Coulter has too many flags
Target: Lab Manager, Technologists / The old technology story isn't working any more, so Abbott has changed tactics. Now they are attacking the flags on the HmX. The reality is that the CD3200 has a multitude of flags - both Suspect Parameter and Suspect Population Flags (see reference material - CD3200 flags). However, the flags show up in interesting places. For example, Platelet flags indicating interference either in the upper or lower threshold region (URI or LRI flags) tell the customer to Review stained smear. However, the flag will be displayed next to the MPV result, not next to the PLT result. Also, watch out for the DFLT flag - this flag will use a default value or threshold to determine the 5-part diff if the CD3200 cannot reliably discriminate between cell clusters.
Of course the CD 3200 performs retic counts.
Target: Lab Manager, Technologists / This is an interesting statement that has also recently surfaced. There have been several cases where the Abbott sales reps puts the burden of proof that the CD3200 doesn't do retics back on the Beckman Coulter sales rep. Review their literature - there is no place that documents that the CD3200 can run retics.

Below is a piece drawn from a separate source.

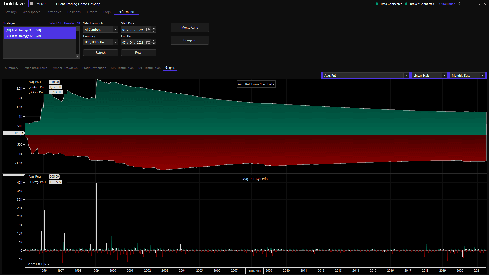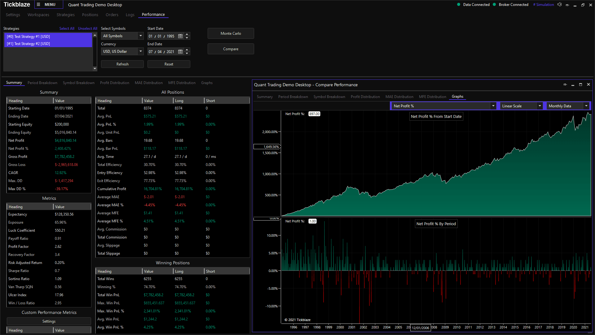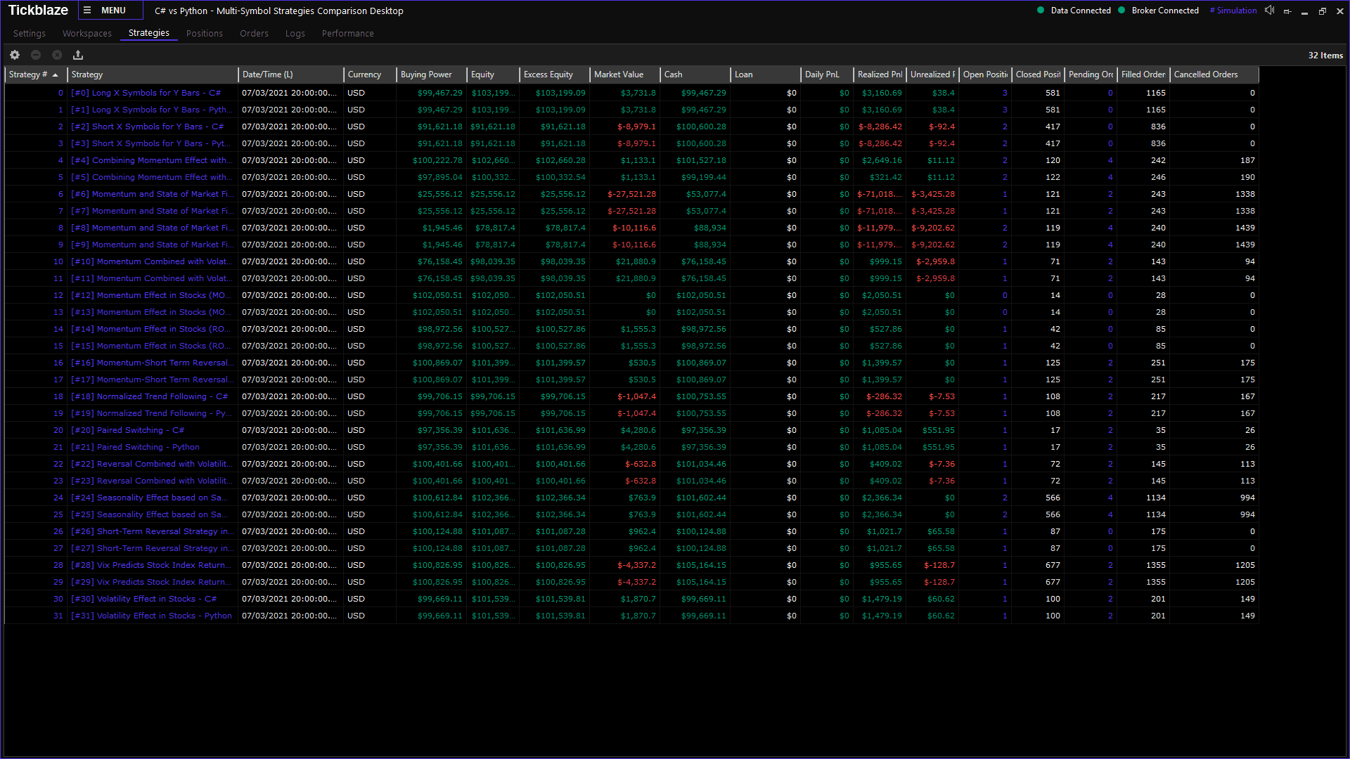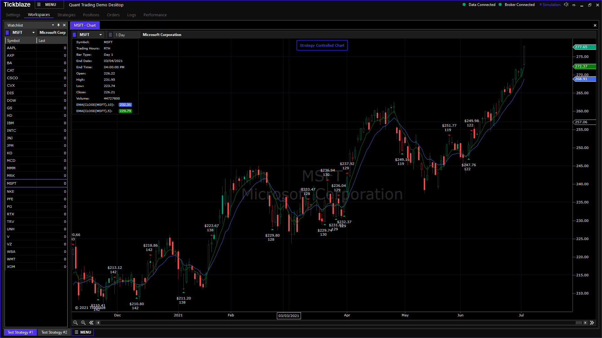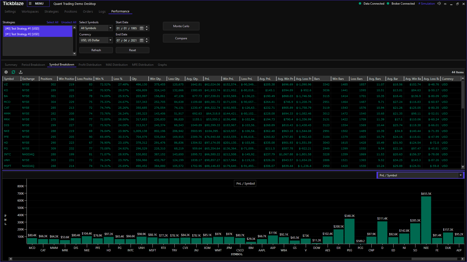 Quants can use Tickblaze and polygon.io to design, backtest and execute a portfolio of trading strategies, either on their own local workstation or on the cloud. Each strategy in the portfolio is assigned a trading strategy script, an underlying bar interval, and one or more symbols. Tickblaze can backtest and trade both standard and exotic bar intervals, including ticks, minutes days, renko, range, and many others.

You only need 1 box of controls per month
Target: Lab Manager, COO / Most quotes from Abbott provide for only 1 box of controls per month. The control is packaged 12 x 3 mL. Controls should always be run in the same mode as the patient sample, typically the primary - or the closed vial mode. So if you have a CD3200, you would run the control in the closed vial mode. Abbott states the frequency of controls is 2 levels every 8 hours (see CAP Comparisons). The CD3200 sample loader requires 250 µL of sample and has a 1 mL dead volume. If you work the math, that means each bottle has a maximum of 8 aspirations (3 mL - 1 mL (dead volume) = 2 mL. 2 mL / 250 µL = 8) With 4 bottles of each level that means a maximum of 32 aspirations per level per pack a month. That's only enough to run each level 1x per day, not the two that is required.
The HmX is just another MAXM and if the MAXM is such a reliable instrument, why is it being discontinued.
Target: All / The MAXM is, by far, the most successful 5-part diff analyzer ever developed. Why was it so successful? Reliability, ease of use and quality of results to start. The HmX is a proud derivative of the MAXM, built upon that solid platform and made even better! Abbott is just trying to confuse the market once again with their lies, half truths and their lack of knowledge - the MAXM isn't being discontinued!!!